F1 22 is better than the internet says

2022-10-28  Gaming

F1 22’s free-to-play weekend came at a tough time for Codemasters and EA - at least as far as my evaluation was concerned. Coming hot off the heels of my retrospective on the PS1 classic Formula 1 97, they had their work cut out to impress me - but impress me they certainly did.

Annual sports games have to put the work in to break free of the “last year’s game with this year’s stats” tag, and F1 22 didn’t get off to a good start. The April trailer didn’t showcase any notable gameplay features and raised concerns with its focus on F1 Life - a new game mode featuring supercars, clothing, and even sofas that all seemed perfect microtransaction territory.

Your first few minutes with F1 22 will confirm it has been EA-ified to a much greater degree than its predecessor. Before doing anything else it wanted me to pick a supercar for my virtual luxury home, which didn’t bode well. But once I’d skipped through some dialogues and muted the overly loud EA Trax, it was possible to relegate the unnecessary additions to the background and focus on what is actually a solid step forward on the track.

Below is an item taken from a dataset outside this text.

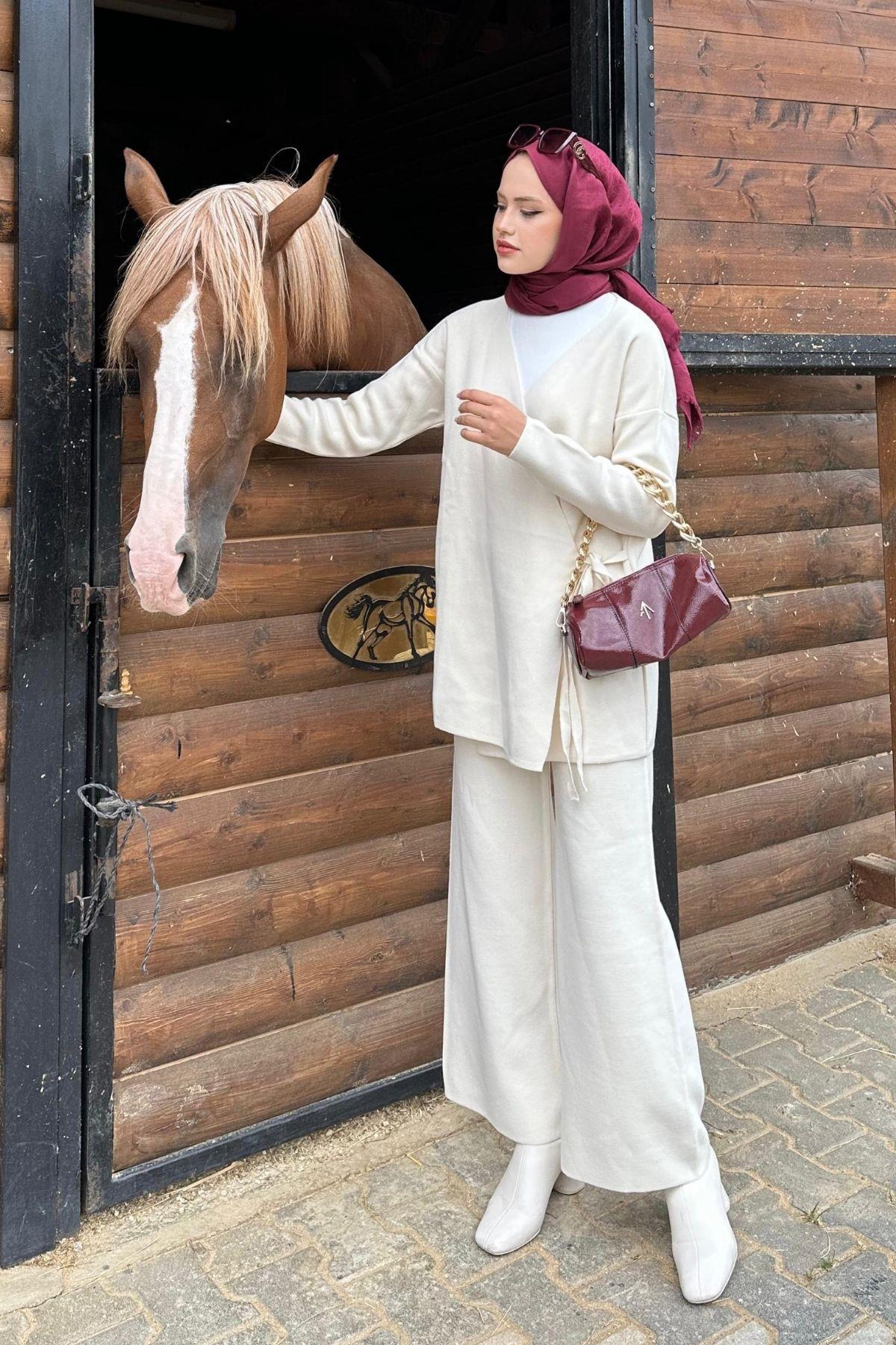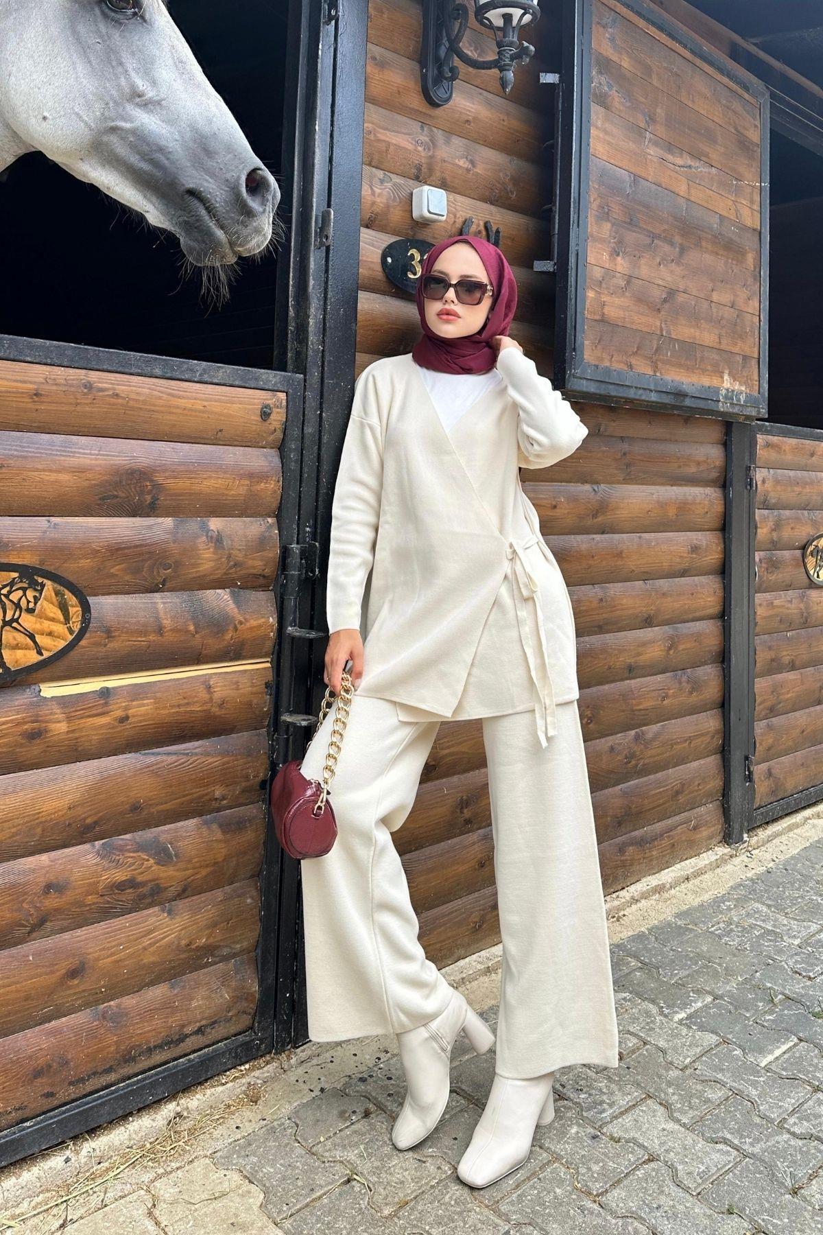 Maça İpli Triko Takım, önden bağlama detayı ve rahat kesimiyle hem günlük hem de özel davetlerde şık ve konforlu bir seçenek sunar. Yumuşak ve esnek triko kumaşı ile vücudu sarar, sıcak tutar ve her kullanımda şıklığınızı tamamlar.

Online discussion around the game, including on the series subreddit, has been consistently negative. Some of that criticism concerned the new microtransaction-focused features, but just as much was about gameplay problems - bugs, handling issues, dodgy driving by the AI, and so on.

Perhaps the patches pushed out since July have done the trick, but I didn’t encounter any issues during what Steam tells me was a four-hour tryout across several races over the weekend. It’s possible the developers were helped out by the regulations overhaul for the 2022 season, but in my eyes F1 22 in its current state is a significant step up over F1 2021.

With my chosen configuration (mid traction control with most other assists turned off), the game is much more challenging than last year’s edition. The cars require more careful control, and the rear end can more easily step out mid-turn or on exit, meaning you need to be a lot more precise in your power application or risk spinning into the wall. This results in a far more rewarding experience when you do pull off a perfect lap or overtaking manoeuvre.

Graphics and performance have also seen some uplift. I was surprised when the game automatically set everything to Ultra and turned on ray tracing, and I expected a poor frame rate. But my 3070 Ti was more than up to the job. The game seems to have increased fidelity and detail, but also runs better than F1 2021 on average, which is a fantastic combination to see.

In short, despite all the unnecessary surrounding distractions, it was F1 22’s gameplay that won me over. I bought it while it was on offer and it’ll now be in my regular rotation. I’ll likely produce some articles along the lines of my FIFA 22 Career Mode series - I’m thinking a season-long campaign in search of the win that has eluded Mercedes in real life. Watch this space.